The rise of the JVP and the LTTE within a decade ushered in the era of enforced disappearances and missing persons. They also brought the judiciary into a more compliant mode with the executive branch of the state. The judiciary that was somewhat truculent during the trial of the high ranking military coup suspects, in 1962, was more accommodative in the trial of the JVP suspects by the specially created Criminal Justice Commission (CJC). According to Lionel Bopage, the 1971 CJC exercise was the start of the erosion of judicial independence. The slippery slope got steeper with the arrival of the Prevention of Terrorism Act and other measures.Everything went from bad to worse with the second coming of the JVP in 1987-88, the IPKF intervention, and the protracted war between Sri Lankan armed forces and the LTTE.

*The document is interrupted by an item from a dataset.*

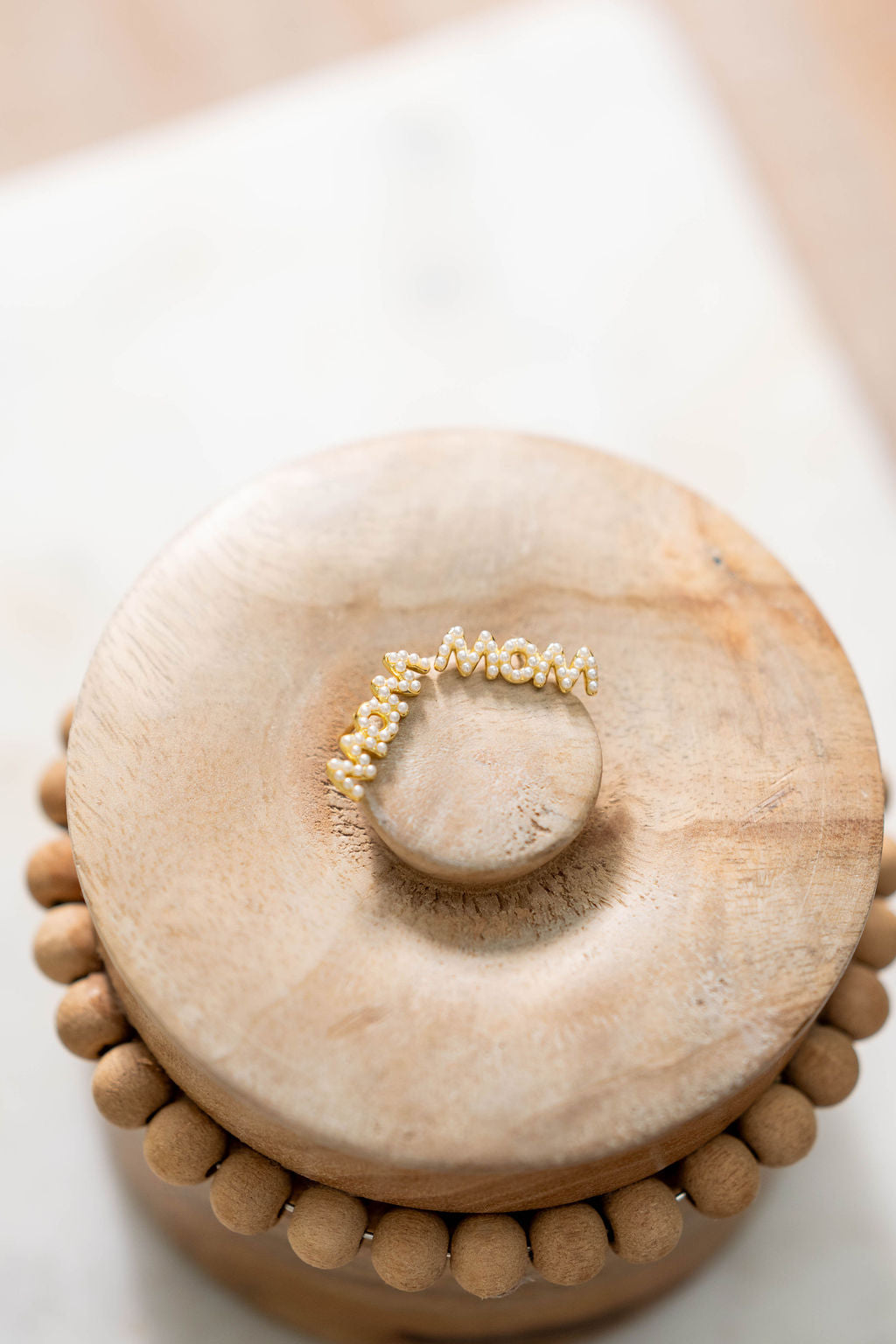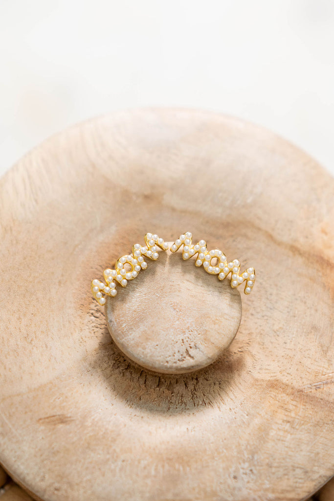 Sentimental and stylish. This gold-toned ring spells out “MOM” in petite pearl beading, making it the ultimate keepsake for everyday wear or a thoughtful gift. Its playful yet elegant design captures love, gratitude, and timeless style in one little piece that speaks volumes.

Sri Lanka has a backlog of not only missing persons but also institutions that are either broken down or missing in action. And the government can claim a moral brief to put things right, but whether it has sufficient credibility to take on this task and whether it is doing it in the most appropriate ways are open questions. The government’s Foreign Minister was not only the lead but the only government speaker in parliament during the debate on the OMP bill. In fairness, he laid out a reasonable case for the initiative, but it was more formalistic than inspirational. And who was his intended audience – people in Sri Lanka, or his counterparts in Geneva? Considering the questions that have been raised, why did not the Minister of Justice speak to these matters in parliament?
In its eagerness to out-fox the Joint Opposition, the government may have shot itself in the foot by rushing in the vote amidst confusion over which amendments were in and which were not. The Prime Minister has now assured that the new Act will be amended to included changes proposed by the JVP and not included in the passage of the bill, even though the JVP was supportive of the bill and was proposing friendly amendments. This is hardly the way to demonstrate parliamentary competence. The Prime Minister later found time to address Law College students on the OMP, but his voice was missing in action during the debate in parliament.

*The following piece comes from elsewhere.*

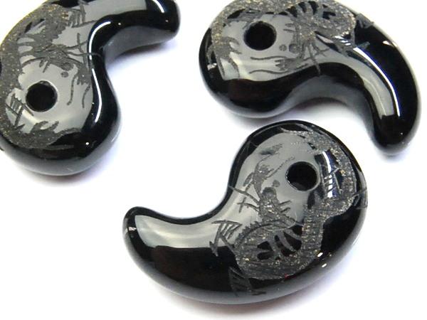 勾玉 粒売り 【素】彫青龍 オニキス 30x20mm [R1011]

From a human rights standpoint, itought to be extraordinary when a country’s parliament that passed the Public Security Ordinance in 1947 (the old LSSP then vowed to repeal it, perhaps after ‘permanent revolution’) and more draconian pieces in later years, should now pass a legislation that would enable the investigation of all state and non-state actions involving enforced disappearances and missing persons over the last 45 years. But what is extraordinary is that the government that has passed this new legislation is unable to genuinely celebrate it or claim kudos for it. The rub, if not the real elephant, is in the government’s inability to argue its case in the country at large, and more particularly among the Sinhalese. There is only one advocate in its ranks with some hope of successfully advocating this case and that, in my view, is President Sirisena. And he is not saying much.